It doesn’t stop there.  The waitress then tips his chair backwards once he is securely strapped to the chair. His back is now lying on the floor feet upwards to the ceiling.  The waiters come by and start covering him up with piles of paper napkins which were lying on the floor after being thrown just moments before to celebrate someone’s birthday.

Finally the waitress, with a nod of approval from the boy’s mother, takes an orange sharpie marker and draws a mustache on his little face and brings his chair back to an upright position.  The ‘fun’ is over.  For now.  Until they do it to another kid.

In 2013 I was here too. The same thing happened and the boy didn’t laugh.  He cried.  I found another video posted back in 2010 with over 73K views titled Dick’s Child Abuse.  Scroll through to about 8 minutes in and you’ll see the same thing.  That was over 5 years ago!

 

Standing Up and Speaking Up

After the boy was released, I got up from my chair and walked over to his table.  I bent down and gave him a hug and said, “Are you okay? My girls were scared for you.”  I spoke briefly to his mother and as we were leaving asked to speak to the manager, Mikey.

As Mikey and I stepped outside to get away from the noise, the words that came out were calm and confident.  This is a brief summary of our talk.

“Thanks for your time.  I wanted to let you know that as a professional who works with families, the Saran Wrapping of a child, which I’ve seen happen twice now, is totally unacceptable and upset not just me but my children as well.  Is this endorsed by your corporate offices?”

“Yes.  A parent has to approve of it.  We allow for a pie to be thrown in their child’s face or to have them Saran Wrapped.”

“Oh.  So the parent said this was okay?”

“Yes.  We asked her first.”

“Well does the child also have to agree to it?  I’m assuming they do.”

“No.  It’s done with the parent’s approval.”

“I’m not sure if you noticed but that boy was not having fun.  He clearly was trying to break free while everyone else stood by laughing.  Is that entertainment? I’m sure he didn’t’ think so.”

“Again it is the mother who agreed to have it done.”

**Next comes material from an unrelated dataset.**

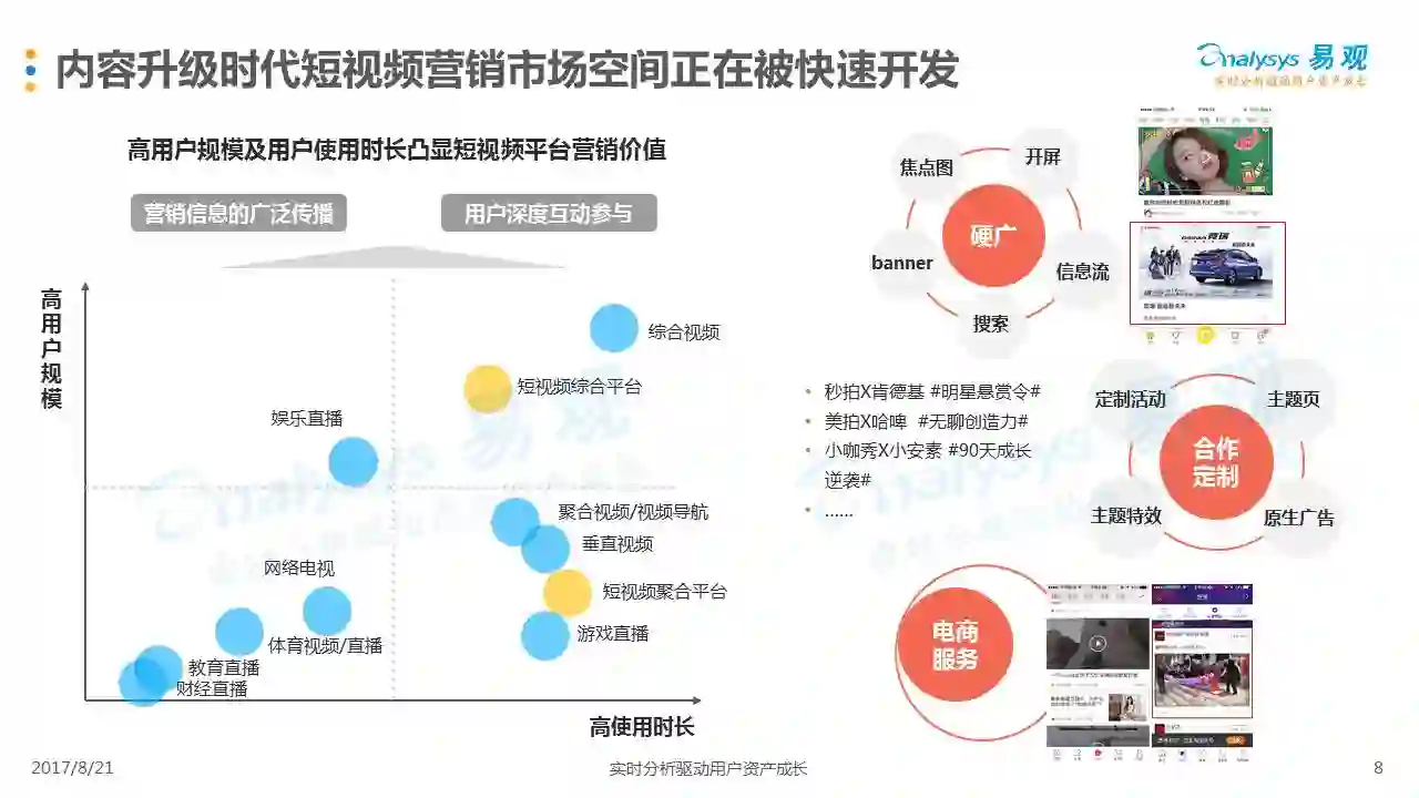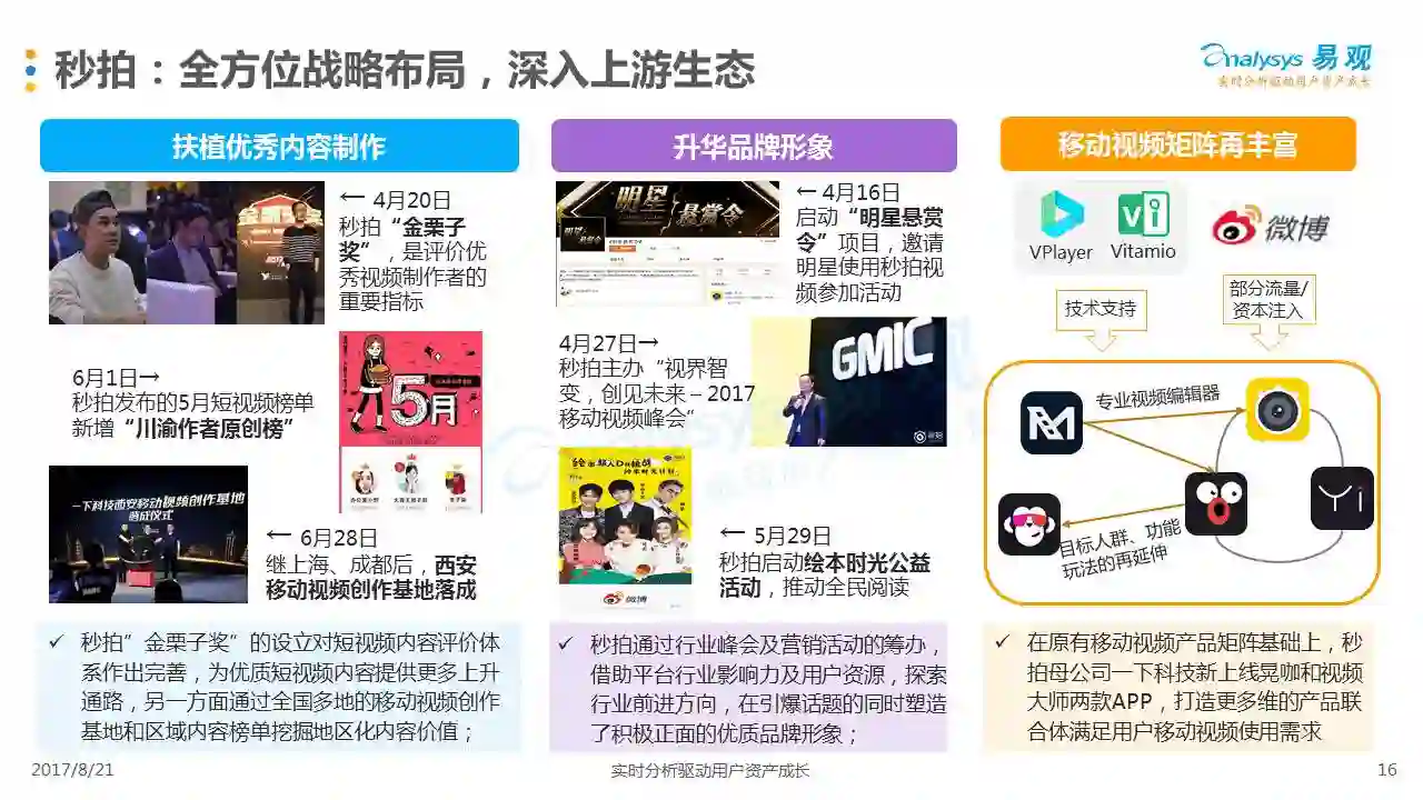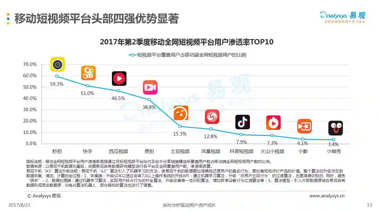 进入2017年以来,短视频持续成为市场各方关注的中心,行业规模持续攀升。在2017年第2季度,短视频领域在政策监管、企业布局、产业环节、产品创新、广告营销等多个层面都涌现出新的发展热点,本分析从行业现状热点出发,分析短视频市场主要环节和典型厂商,并对下阶段市场发展趋势作出展望。

“Did you know that would be considered public shaming?”

“I didn’t.”

“There is a movement I’m involved with right now to end public shaming of children.  That’s why I felt it was so important to talk with you.  Every week children are harming and even killing themselves due to treatment like this.  In fact I just wrote about a girl named Izabel Laxamana whose father cut off her hair as discipline. Video-taped it, and uploaded it to YouTube.  A few days later she committed suicide.”

“I had no idea.”

“Well I am working with people like Dr. Shefali Tsabary to help end this type of acceptance of public shaming of children and I wanted to be sure you knew how this affected me personally as a patron of your restaurant, how damaging it is to the child and how it is perpetuating this idea that publicly shaming a child is okay.”

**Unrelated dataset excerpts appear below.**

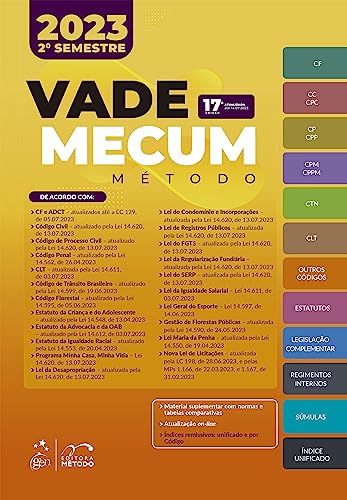 O Vade Mecum Método foi feito cuidadosamente para acompanhá-lo nas provas da OAB, graduação, concursos públicos e no seu dia a dia profissional.
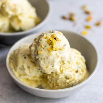 • Pour this mix into a parchment lined metal pan or a glass bowl. Seal it tightly using an airtight lid or a few layers of plastic wrap and stick it in the freezer. Chill for 6-8 hours for the ice cream to set properly. Enjoy!
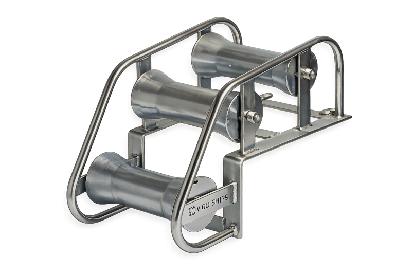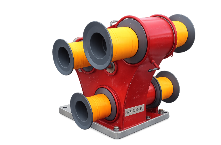 Dispositivos instalados en cubierta para guiar cables, cadenas y cabos durante las maniobras de amarre, fondeo o remolque. Los rodillos y guías reducen la fricción y el desgaste de los cables, permitiendo operaciones más seguras y eficientes en buques y embarcaciones de trabajo.
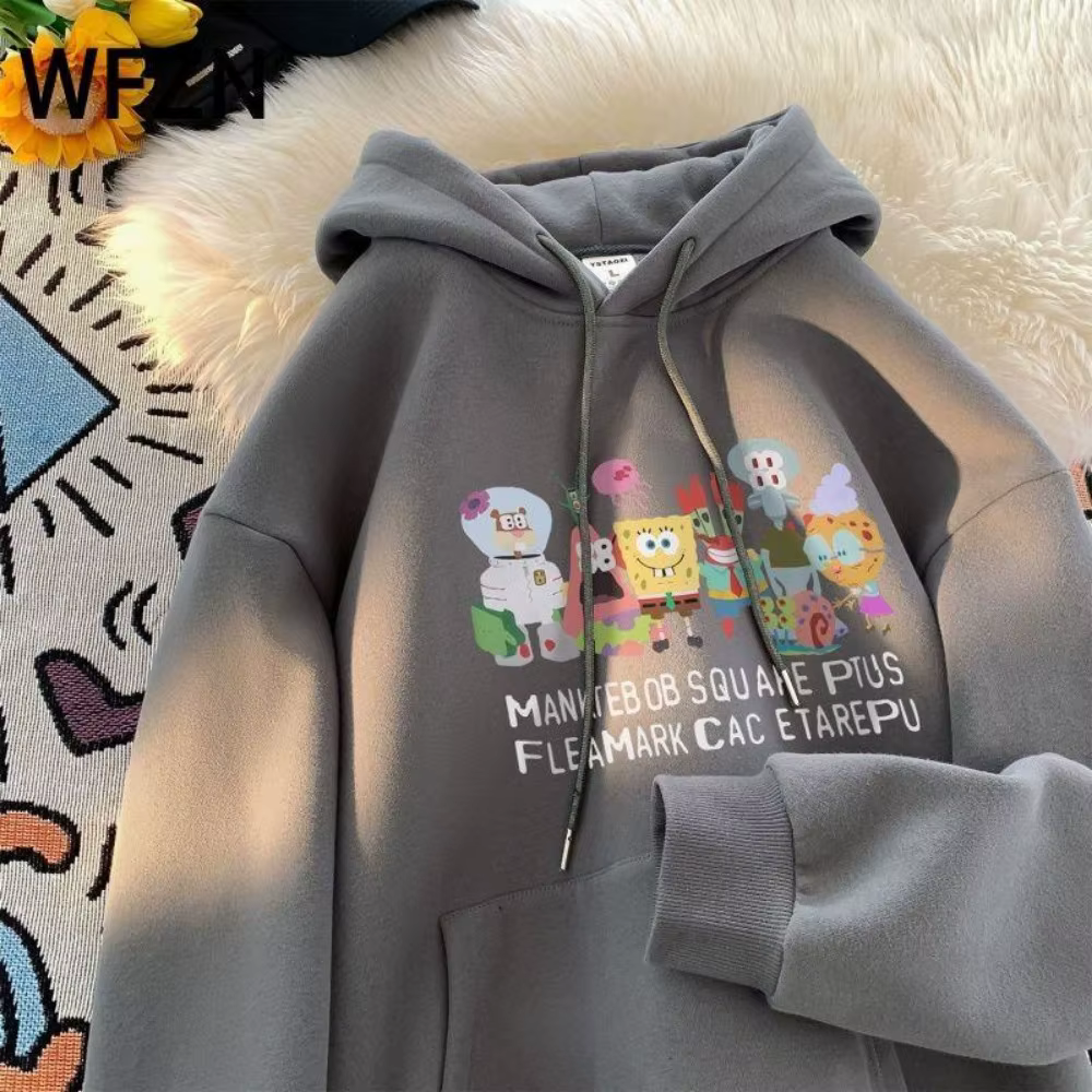 SpongeBob SquarePants Streetwear Hoodie Nickelodeon Graphic Print Oversized Loose Long Sleeve Pullover Unisex Trendy set Gift

I handed her my business card.  She said she’d write it up in her nightly review.  It’s been a few days and I still haven’t heard back.  I bet we will soon if we ban together!

It’s time to #endshame @DickSez. Over 12,000 kids a year shamed at your restaurant says @uofmoms! http://bit.ly/endshame <===Click to Tweet

The Shaming In Numbers

I looked up Dick’s Last Resort and there are 17 locations.  Let’s assume they Saran Wrap two kids a day every day of the year.  That would be 2 kids a day x 17 location x 365 days a year = 12,410 kids a year they are publicly shaming with the permission of the parent.  I’m guessing it’s more than that.

Let’s go one step further.  12,410 kids a year being shamed and let’s say there are 100 people in the restaurant at the time this occurs that would be 12,410 kids x 100 patrons viewing per wrap = 1,241,000 onlookers who are doing nothing but laughing, maybe feeling uncomfortable and then walking right back out the door.

OVER A MILLION PEOPLE!

That’s crazy.  One million people a year who are witnessing public shaming of kids in a restaurant where they are paying for food.  I am choosing to be one in a million people who will speak up.  Will you?

Public Shaming Epidemic as Seen at Dick’s Last Stand:

PROBLEM 1.  Dick’s Last Stand corporate office endorses the shaming of children in their restaurants.

PROBLEM 2.  Parents are agreeing to the public shaming of their children.

PROBLEM 3.  Over one million onlookers a year for the past 30 years have done nothing to stop this.

We as a society need to ban together to educate ourselves and empower our children. Join us to raise awareness of public shaming and put an end to it.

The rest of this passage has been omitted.